Oct. 17 (Bloomberg) -- U.S. banks likely will charge customers more fees as the lenders seek to recoup revenue sapped by new U.S. rules, said Paul Miller of FBR Capital Markets Corp.
Banks may levy added fees and cut expenses as regulations erode former sources of “really strong fee revenues,” such as overdraft charges, Miller said today in an interview with Pimm Fox and Courtney Donohoe on Bloomberg Radio’s “Taking Stock.”
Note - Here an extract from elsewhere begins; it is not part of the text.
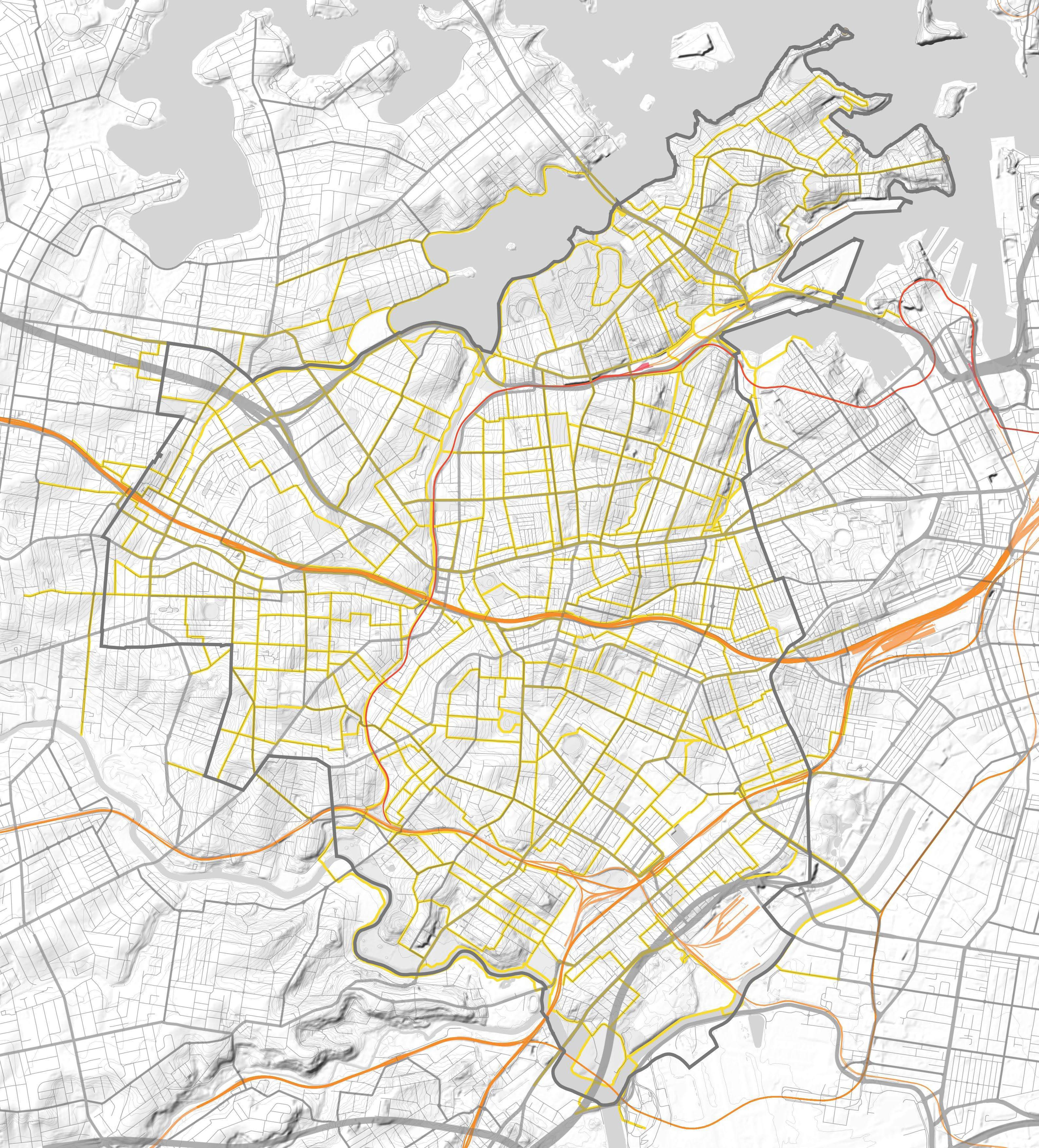 The Blue-Green Grid will go through commonly used routes. This map uses GPS data which mapped locations of people at different times of the day. A heat map was then created using an algorithm that identifies multiple data sets in high location concentration.

Bank of America Corp. and Wells Fargo & Co. are among lenders that have announced plans to charge customers for using debit cards after the Federal Reserve, acting on a mandate of the Dodd-Frank Act, capped the so-called swipe fees charged to merchants. The caps may trim annual revenue at the biggest U.S. banks by $8 billion, data compiled by Bloomberg Government show.
“Banks will try to do something to recuperate some of those fees,” said Miller, a former examiner with the Federal Reserve Bank of Philadelphia. “They won’t recuperate all of them, but they’ll try to get some of them back.”
Bank of America’s plan to charge customers $5 a month sparked objections from critics including President Barack Obama, and five U.S. House Democrats asked Attorney General Eric Holder on Oct. 13 to investigate whether banks and their trade groups colluded on decisions to impose new fees. San Francisco- based Wells Fargo ended all debit-reward programs and is testing a $3 monthly fee in some markets.
“Those debit cards now are not that profitable unless they’re able to collect some of those fees back from consumers,” Miller said.